Critical reception for the plot of Outlaw Star has been mixed. Churosh found that though the series features many clichés of 1990's science fiction anime, Outlaw Star manages to transcend them as well. "Maybe it doesn't go anywhere that other series haven't already been", the reviewer stated. "But boy, does it have a damn good time getting there." Upatkoon observed that the plot "[takes] off with a bang at the beginning" and then begins to drag. Keith Dawe of Animerica also noted this about the anime's pacing, stating that even as the first few episodes do well to begin the narrative, the show's writers rely too heavily on inertia to advance it. He went on to remark that the series suffers from "unfocused scripting" and that "one has to endure the occasional cheesy episode to reap the rewards of a show that is clever, pragmatic and amusing". However, Dawe did regard the English script writing and voice acting, and called the over-the-top introductory narration for each episode a reminder that the show should be enjoyed for what it was. Owens commented that the plot will not seem very original, but that it does seem to have direction, despite said direction not being very clear.
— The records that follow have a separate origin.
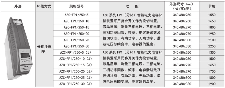 产品简介:AZC系列智能电力电容补偿装置由智能测控单元、投切开关、线路保护单元、低压电力电容器等构成,改变了传统无功补偿装置体积庞大和笨重的结构模式,是用于节省能源、降低线损、提高功率因数和电能质量的新一代无功补偿设备。
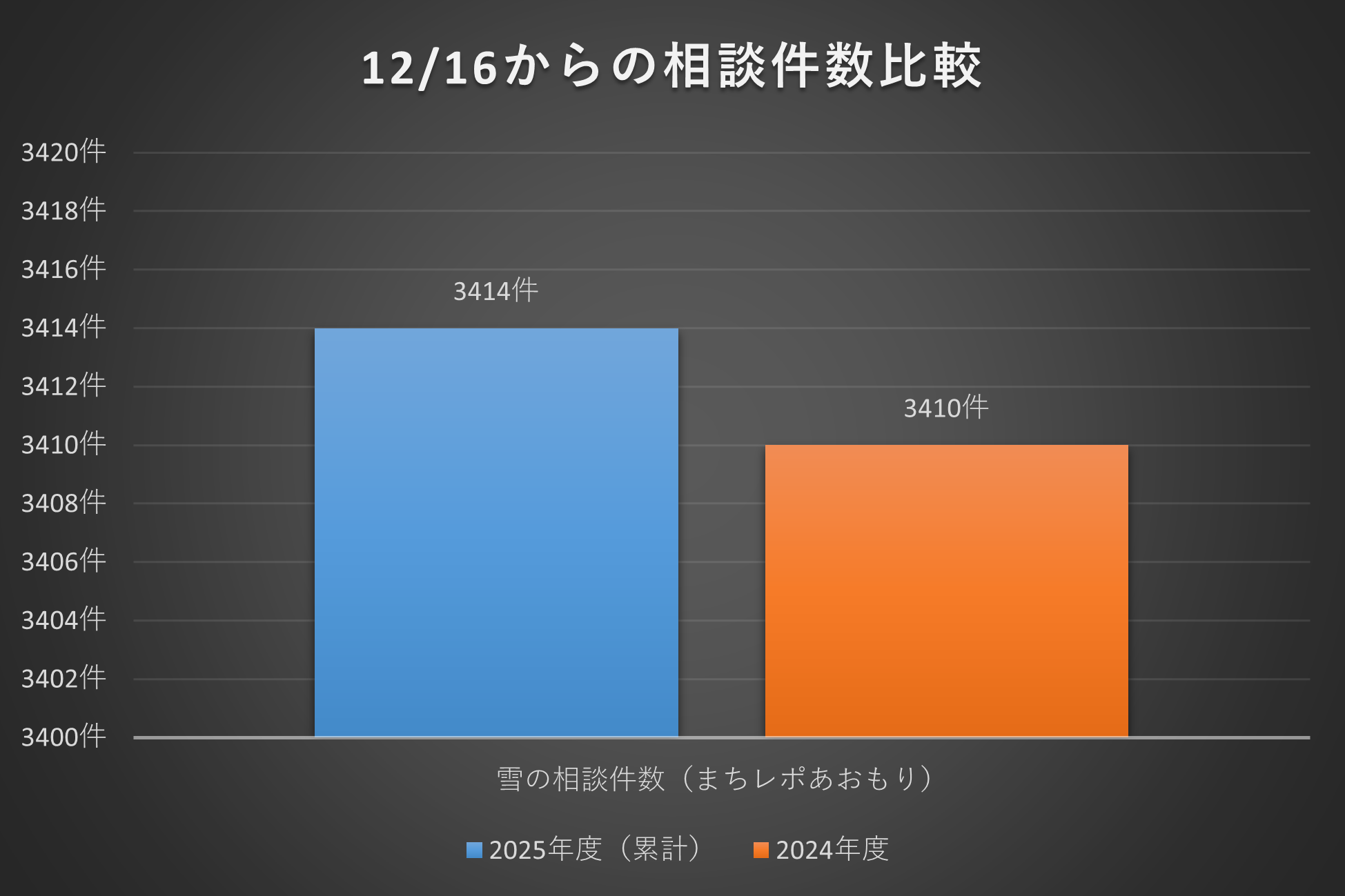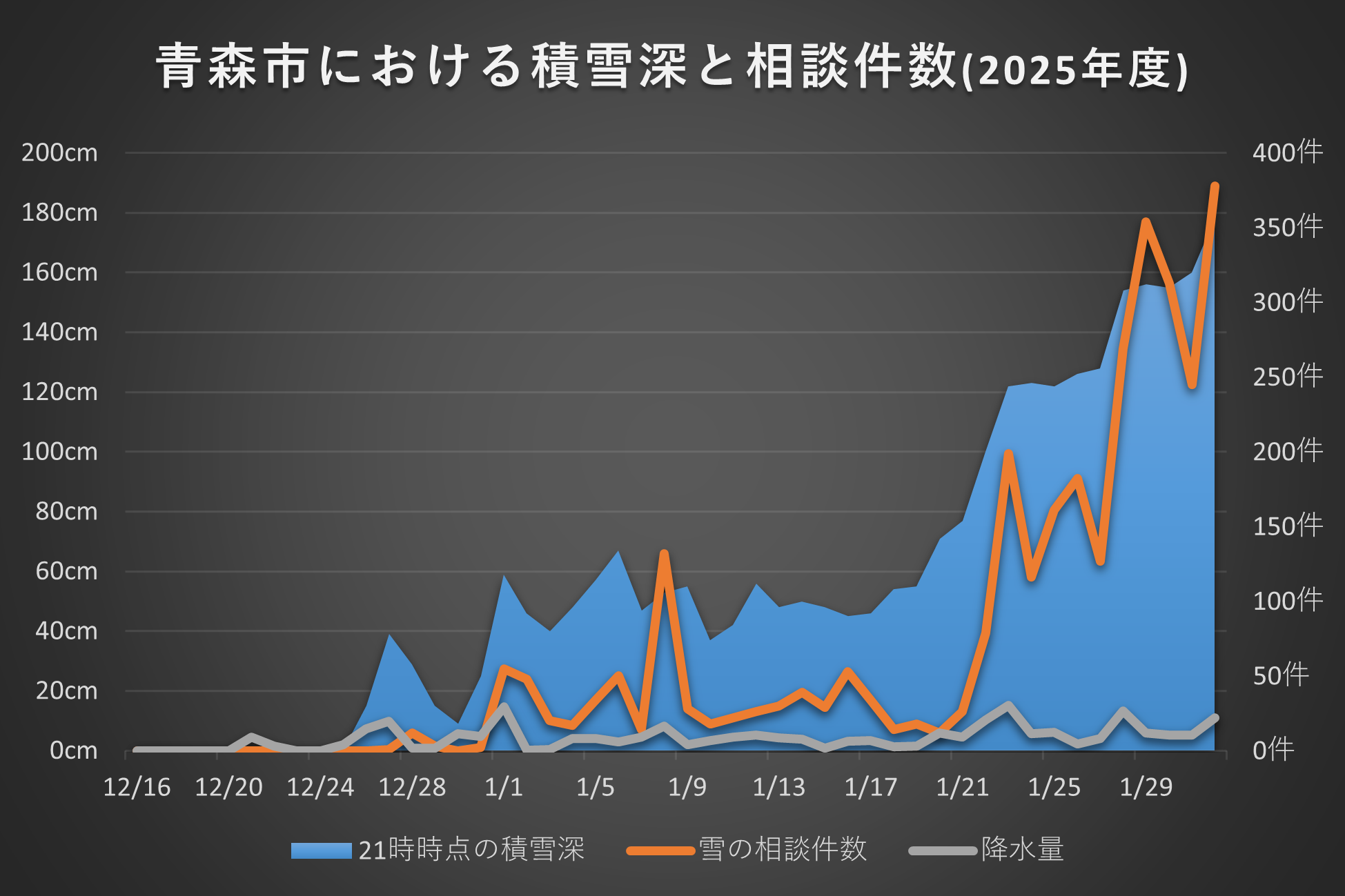 青森市の「まちレポあおもり」で、雪に関する日毎の相談件数が2026年2月1日に378件となり、1月29日の354件を上回って過去最多を更新した。年始にピークを迎えた昨年度と違い、今年度は1月下旬から急増。記録的な積雪水準の中、宅配の停止や公立小中学校の登校見合わせなど、生活インフラにも影響が広がっている。
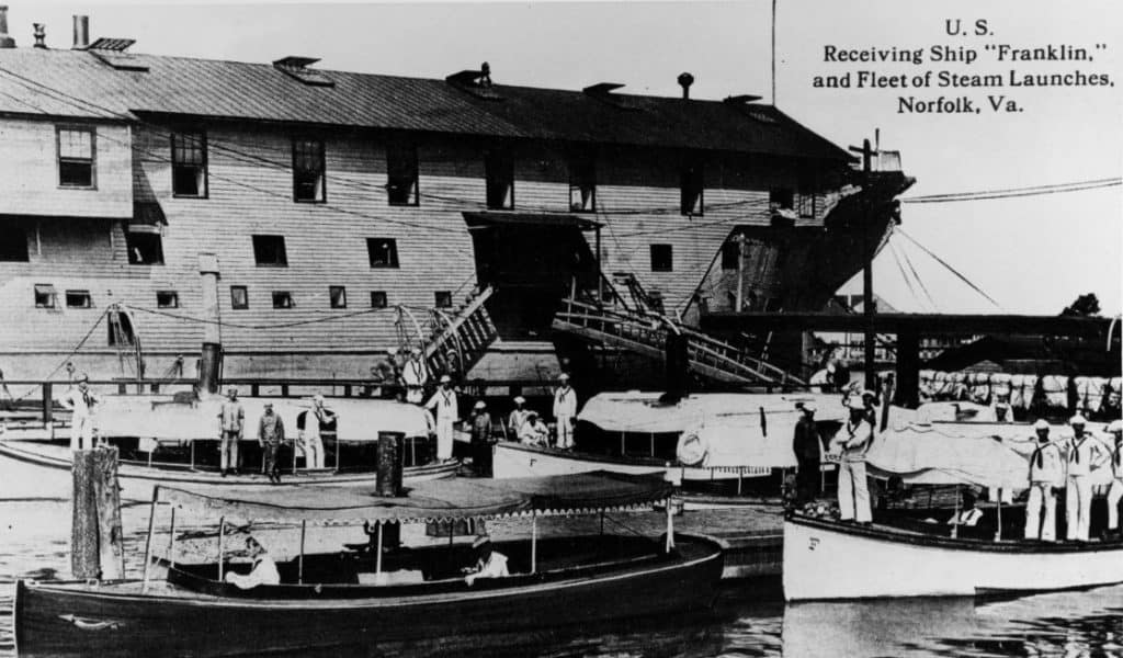 At this point these three relics of Postcard History raise questions: Was the sender, John, a member of the crew aboard the Receiving Ship USS Franklin? Or, was he a crew member on the battleship Illinois? The ship pictured on Exhibit #1. Was the Illinois at Norfolk at the time the card was postmarked? These are difficult to answer without knowing the exact date that is unreadable on Exhibit #2.

Outlaw Star has received very modest commercial success and miscellaneous viewer recognition. The initial shipment of the manga's first volume sold out nationwide in Japan. According to Morning Star Studio's English website, the Outlaw Star manga has sold 250,000 copies, though the anime series was less successful. The Outlaw Star television series was aired in Japan during a late night timeslot because it was not likely to obtain more than one or two percent viewership like prime time shows. Outlaw Star was voted as the 20th best anime of 1999 in the Japanese Animage Anime Grand Prix. During a summer 2001 online poll to determine which show would return to Toonami, Outlaw Star received approximately two-thirds of the more than 150,000 votes cast. In August 2002, Cartoon Network announced that the late-night Adult Swim Outlaw Star received a Nielsen rating of 0.9, up 125 percent for that same time slot and a delivery of 414,000, up 135 percent for the 18–34 age range. The Outlaw Star Complete Collection was the 21st best-selling anime DVD in the United States in 2006 and the 25th in 2007. In 2012, Bandai's North American division, Bandai Entertainment, listed Outlaw Star as one of its top five most successful anime properties. Josh Pool of IGN listed Outlaw Star at number six on its "Top Ten Anime Themes and Soundtracks of All-Time", noting a stark polarity between the opening and ending themes.

==Legacy==
In 1999, Sunrise produced a spin-off television series titled Angel Links (星方天使エンジェルリンクス, Seihō Tenshi Enjeru Rinkusu). Outlaw Star and Angel Links take place in the same universe; characters from both series appeared in an episode of Outlaw Star, but the two have little else in relation. Morning Star Studio also drafted a proposed sequel to Outlaw Star in the form of a single-episode OVA special titled Outlaw Star 2: Sword of Wind on its official website with character designs and a plot outline. Set three years after the events of Outlaw Star, it was to continue the adventures of Gene Starwind in his new starship named "Sword of Wind". Due to the lack of the franchise's popularity in Japan and the busy schedule of animation director Mitsuru Hongo, no production date was set. In October 2001, Takehiko Itō commented that his team only had static, preliminary plans for the sequel series and that they could perhaps continue the manga series in the future.